◆ RECORDS PROVIDED
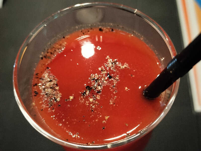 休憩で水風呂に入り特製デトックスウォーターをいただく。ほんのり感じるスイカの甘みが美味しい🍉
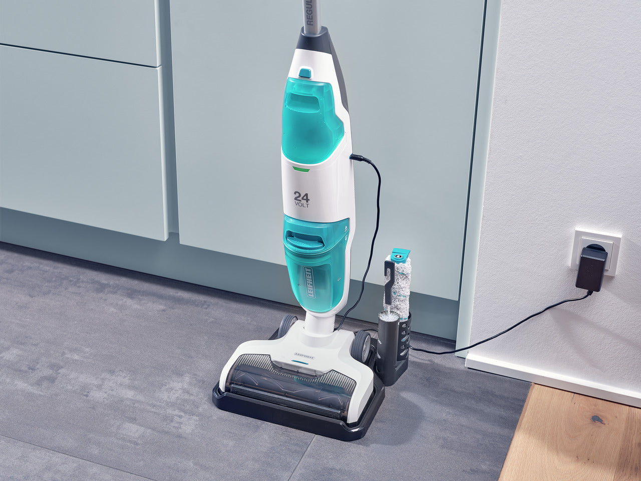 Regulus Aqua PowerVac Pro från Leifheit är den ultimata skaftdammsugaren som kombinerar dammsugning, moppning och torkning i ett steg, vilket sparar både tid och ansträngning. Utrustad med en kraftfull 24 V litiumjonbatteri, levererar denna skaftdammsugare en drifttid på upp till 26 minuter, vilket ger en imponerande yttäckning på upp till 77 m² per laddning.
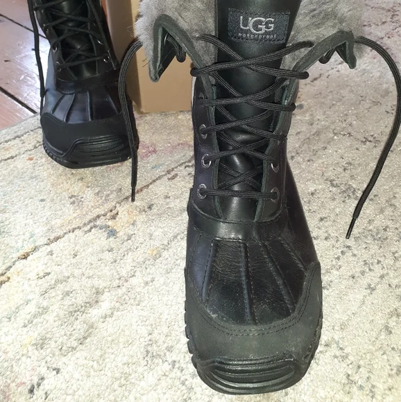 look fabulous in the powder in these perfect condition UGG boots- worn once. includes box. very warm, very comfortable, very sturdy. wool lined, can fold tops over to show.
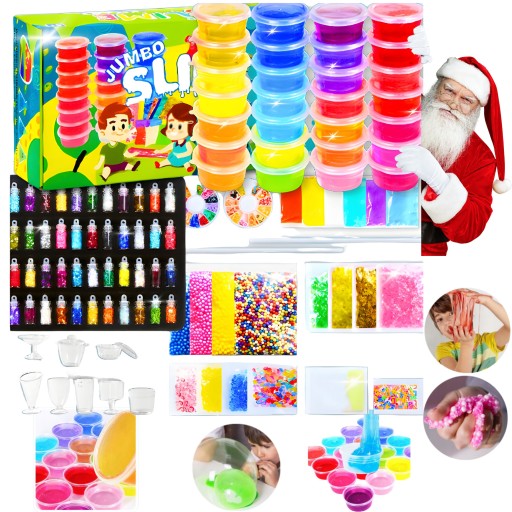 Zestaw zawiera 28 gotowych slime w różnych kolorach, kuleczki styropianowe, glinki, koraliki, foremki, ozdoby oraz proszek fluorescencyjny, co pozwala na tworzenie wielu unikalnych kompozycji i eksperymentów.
...
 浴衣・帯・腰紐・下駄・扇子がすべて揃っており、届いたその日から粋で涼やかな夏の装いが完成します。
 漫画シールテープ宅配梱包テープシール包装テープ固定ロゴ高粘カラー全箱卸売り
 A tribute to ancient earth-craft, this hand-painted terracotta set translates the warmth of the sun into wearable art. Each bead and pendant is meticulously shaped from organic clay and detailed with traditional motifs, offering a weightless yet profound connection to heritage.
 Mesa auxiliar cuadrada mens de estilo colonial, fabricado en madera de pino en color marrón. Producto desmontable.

◆ YOUR INSTRUCTIONS
Look above for the line with "Regulus Aqua PowerVac" and copy exactly from it through the line with "look fabulous in", both included. Omit the pictures.

◆ RESULT FOR THIS EXERCISE
 Regulus Aqua PowerVac Pro från Leifheit är den ultimata skaftdammsugaren som kombinerar dammsugning, moppning och torkning i ett steg, vilket sparar både tid och ansträngning. Utrustad med en kraftfull 24 V litiumjonbatteri, levererar denna skaftdammsugare en drifttid på upp till 26 minuter, vilket ger en imponerande yttäckning på upp till 77 m² per laddning.
 look fabulous in the powder in these perfect condition UGG boots- worn once. includes box. very warm, very comfortable, very sturdy. wool lined, can fold tops over to show.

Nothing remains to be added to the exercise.